SIGMOD Keynote Talk 2
Fun with Hardware Transactional Memory
Maurice Herlihy (Brown University)
Leading hardware vendors such as Intel and IBM are releasing a new generation of processor architectures that provide hardware transactional memory (HTM), a synchronization mechanisms for fast in-memory transactions. This talk will argue that HTM is not just a faster way of doing the same old latches and monitors. Instead, it could bring about a fundamental positive change in the way we program multicores (and eventually perhaps even databases) by allowing a fundamental rethinking of basic synchronization structures such as locks, memory management, and a range of concurrent data structures.

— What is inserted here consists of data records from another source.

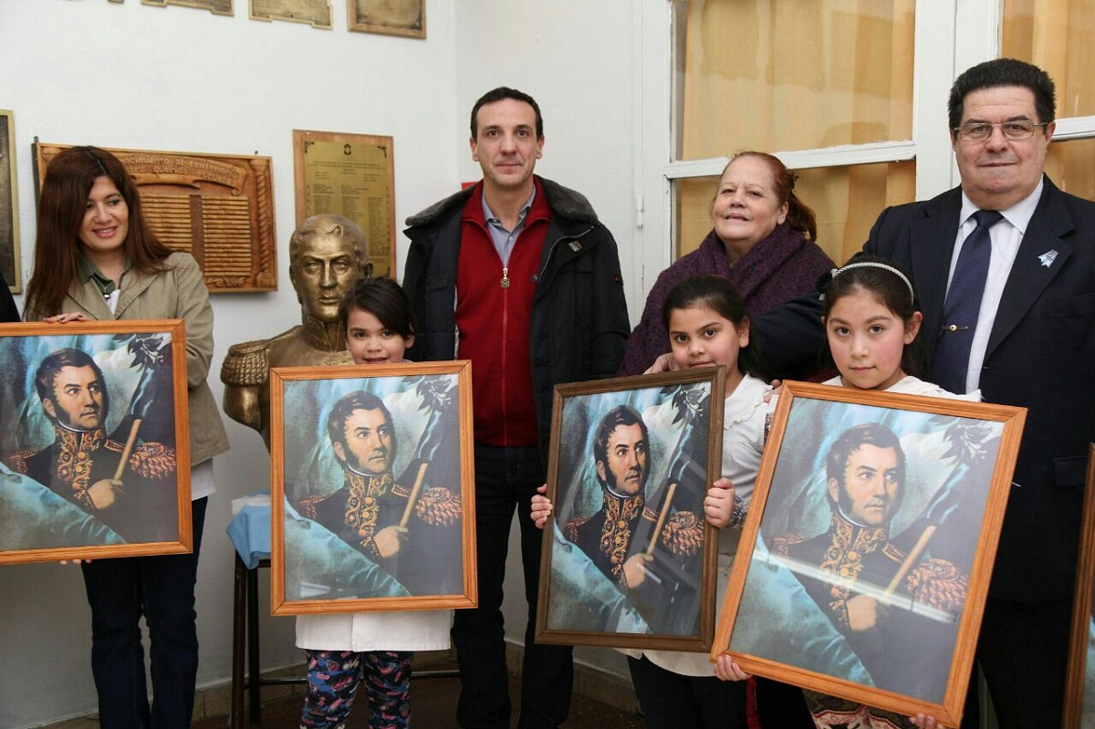 El Gobierno Provincial y la Asociación Sanmartiniana de Ushuaia hicieron entrega -este martes- de 15 cuadros del Libertador San Martín a la Escuela Nº1 "Domingo Faustino Sarmiento" de esta capital.
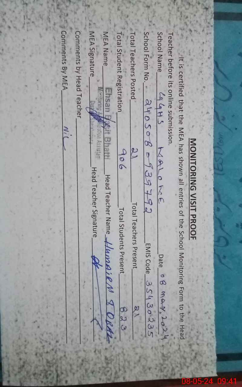 | EMIS Code: 35430235 | Name of School: GGHS KALOKE | |||
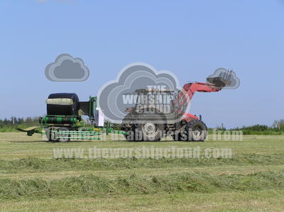 This is the fourth in a series of photos showing the process of making silage (the farmer stores this then it's used as fodder for his cattle during the winter months). Here, the round hay bale has been scooped up onto the bale-wrapper machine, and as the tractor moves along, the bale is automatically turned, being wrapped by the black plastic as it does so.
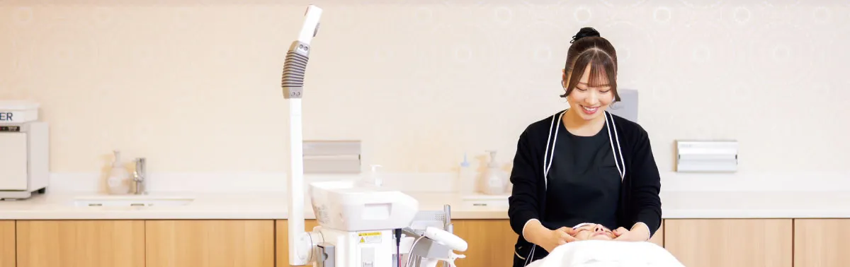 実際にエステサロンで使用されている最新の設備・機器を使用して学生同士がお互いにモデルとなって技術や接客をトレーニング。最新機器での施術を体感できます。外見の美しさだけでなく身体の内側から美しさに働きかけるインナービューティーを学んで自分自身もキレイになれます。
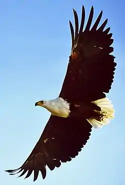 Eagles are large birds of prey of the family Accipitridae that mainly inhabit Eurasia and Africa, with a few species in the Americas and Australia. The eagle has been used by many nations as a national symbol, depicting power, beauty and independence, and is also a sacred or religious symbol in many cultures.
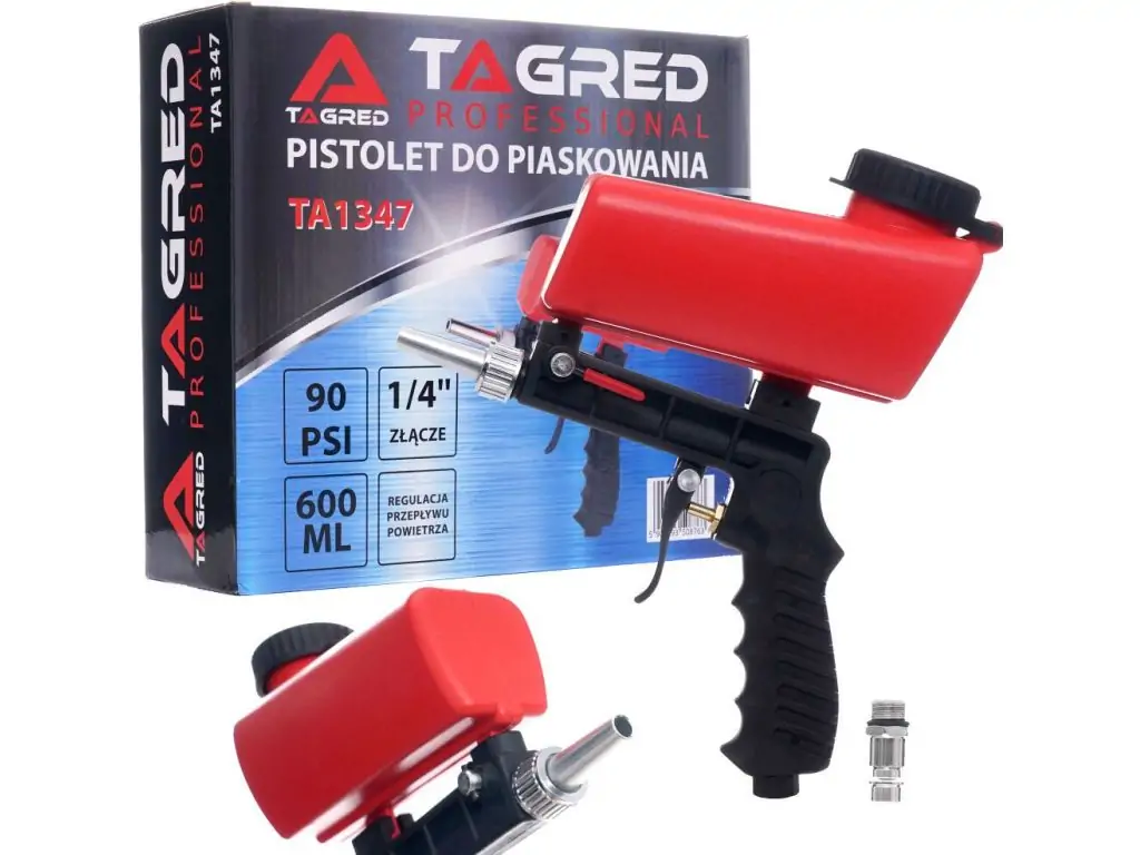 Пескоструйный пистолет TAGRED TA1347 идеально подходит для удаления краски, ржавчины, грязи. Благодаря небольшому размеру насадки и верхней емкости, песок выбрасывается с большим импульсом, что обеспечивает более быстрый эффект очистки. Он предназначен для точной работы и удаления грязи с небольших поверхностей.
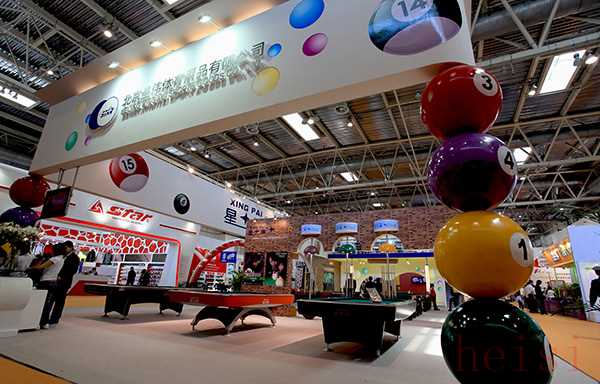 中國國際體育用品博覽會現(xiàn)場,星牌臺球桌展臺。
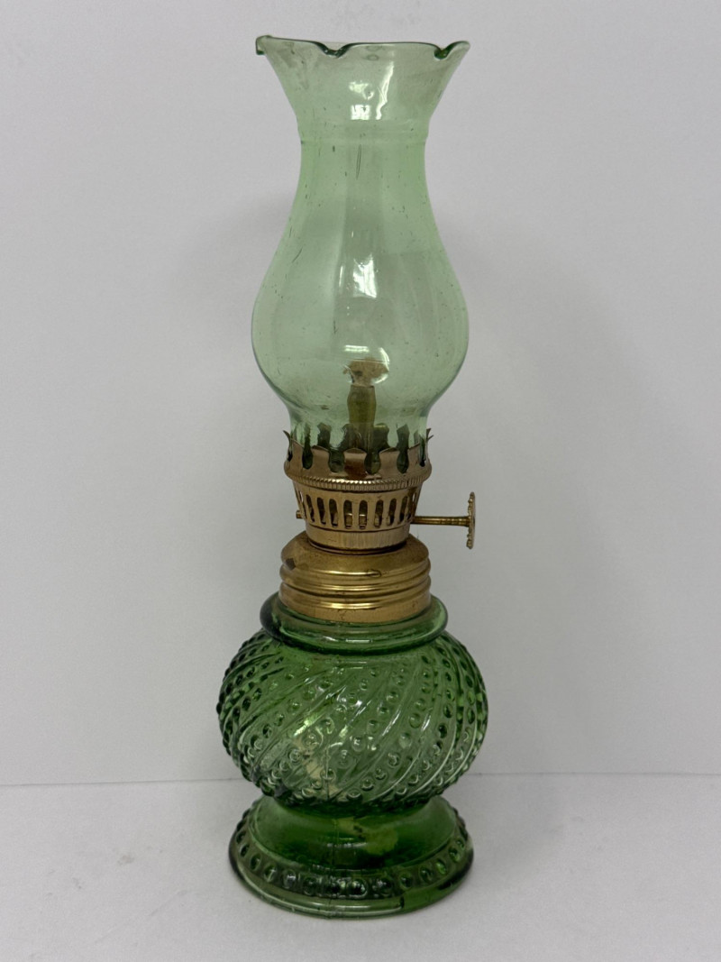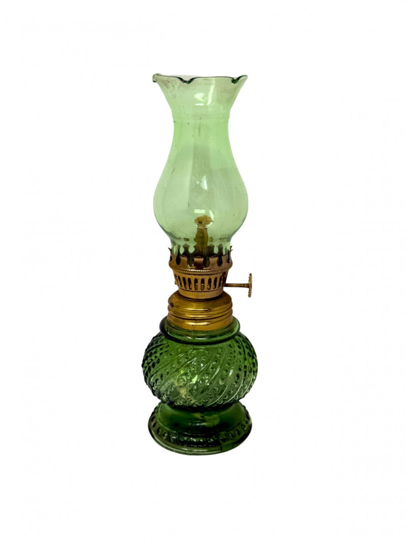 Lamps of this size were traditionally used as bedside lighting before electricity. Today, they are highly sought after by collectors of Depression-era style glass and those looking for functional emergency lighting with a vintage aesthetic. Good Vintage Condition

Maurice Herlihy has an A.B. in Mathematics from Harvard University, and a Ph.D. in Computer Science from M.I.T. He has served on the faculty of Carnegie Mellon University, on the staff of DEC Cambridge Research Lab, and is currently a professor in the Computer Science Department at Brown University. He is the recipient of the 2003 Dijkstra Prize in Distributed Computing, the 2004 Gödel Prize in theoretical computer science, the 2008 ISCA influential paper award, the 2012 Edsger W. Dijkstra Prize, and the 2013 Wallace McDowell award. He received a 2012 Fulbright Distinguished Chair in the Natural Sciences and Engineering Lecturing Fellowship, and he is fellow of the ACM and a member of the National Academy of Engineering.